No mocks, no async, no flaky tests. Just pure functions.

Property-Based Testing

The kernel uses property-based testing (proptest) to find edge cases:

proptest! {
    #[test]
    fn applying_commands_is_associative(
        cmds in prop::collection::vec(arbitrary_command(), 1..100)
    ) {
        let mut state1 = KernelState::new();
        let mut state2 = KernelState::new();

        // Apply commands one at a time
        for cmd in &cmds {
            let (new_state, _) = apply_committed(&state1, cmd.clone()).unwrap();
            state1 = new_state;
        }

        // Apply commands in batch (if supported)
        let (new_state, _) = apply_committed_batch(&state2, cmds).unwrap();
        state2 = new_state;

        // States should be identical
        assert_eq!(state1, state2);
    }
}

See Property Testing for more examples.

Idempotency

The kernel tracks idempotency IDs to prevent duplicate operations:

fn apply_committed(state: &State, cmd: Command) -> Result<(State, Vec<Effect>)> {
    // Check if we've seen this idempotency ID before
    if let Some(idempotency_id) = cmd.idempotency_id() {
        if let Some((position, result)) = state.idempotency_cache.get(&idempotency_id) {
            // We've already processed this command
            return Ok((state.clone(), vec![
                Effect::NotifyClient(ClientNotification {
                    result: result.clone(),
                    position: *position,
                    is_replay: true,
                })
            ]));
        }
    }

    // First time seeing this command, process it
    let (new_state, mut effects) = apply_command_inner(state, cmd)?;

    // Cache the result
    if let Some(idempotency_id) = cmd.idempotency_id() {
        new_state.idempotency_cache.insert(
            idempotency_id,
            (new_state.position, result.clone()),
        );
    }

    Ok((new_state, effects))
}

See Compliance for why idempotency matters.

Error Handling

The kernel uses typed errors:

#[derive(Debug, thiserror::Error)]
pub enum KernelError {
    #[error("Tenant not found: {0}")]
    TenantNotFound(TenantId),

    #[error("Table not found: {tenant}/{table}")]
    TableNotFound { tenant: TenantId, table: String },

    #[error("Duplicate idempotency ID: {0}")]
    DuplicateIdempotencyId(IdempotencyId),

    #[error("Invalid command: {0}")]
    InvalidCommand(String),

    #[error("State transition failed: {0}")]
    StateTransitionFailed(String),
}

No panics in the kernel.
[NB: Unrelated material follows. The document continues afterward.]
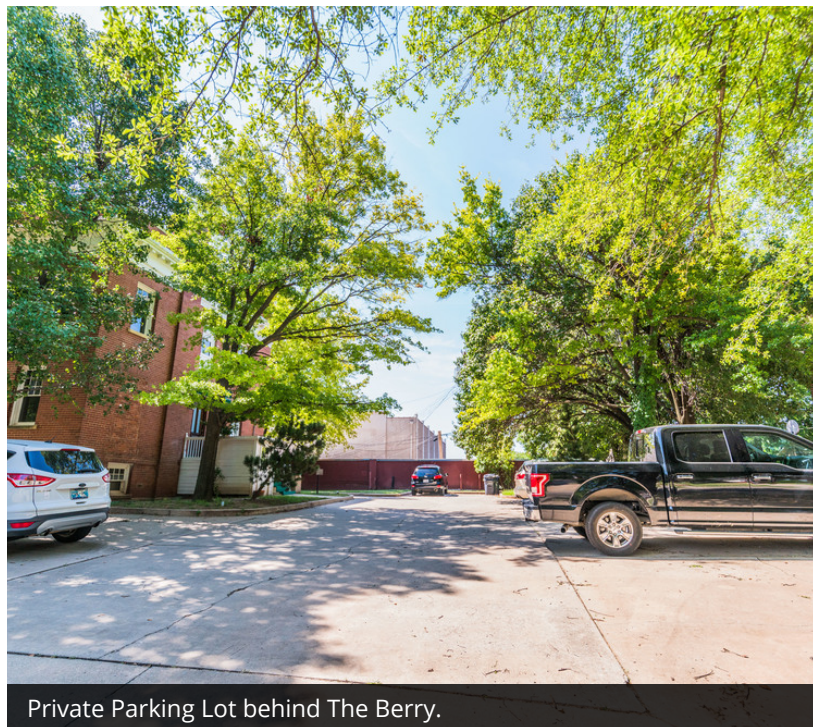
Private Parking Lot behind The Berry.

All errors are explicit and recoverable.

Assertion Density

The kernel has high assertion density (2+ assertions per function):

fn apply_insert(state: &State, cmd: InsertCommand) -> Result<(State, Vec<Effect>)> {
    // Preconditions
    assert!(cmd.tenant_id != TenantId::new(0), "tenant_id cannot be zero");
    assert!(!cmd.data.is_empty(), "data cannot be empty");
    assert!(state.tenants.contains_key(&cmd.tenant_id), "tenant must exist");

    // ... apply logic ...

    // Postconditions
    assert!(new_state.position > state.position, "position must advance");
    assert!(!effects.is_empty(), "must generate at least one effect");

    Ok((new_state, effects))
}

See Assertions for the complete assertion strategy.

Performance

The kernel is optimized for throughput:

  • Zero-copy: Use Bytes and Arc<[u8]> to avoid cloning
  • Minimal allocations: Reuse buffers where possible
  • No async: Purely synchronous (async is in the runtime layer)
  • Small state: Keep only what’s necessary in memory

Benchmark: 100k+ applies/sec on commodity hardware.

Future Work

  • Snapshots: Checkpoint state to avoid replaying entire log
  • Parallel apply: Apply independent commands in parallel
  • WASM kernel: Compile kernel to WebAssembly for portability

See ROADMAP.md for details.


Key Takeaway: The kernel is a pure, deterministic state machine. It takes commands and state, returns new state and effects. No IO, no clocks, no randomness—just pure functions.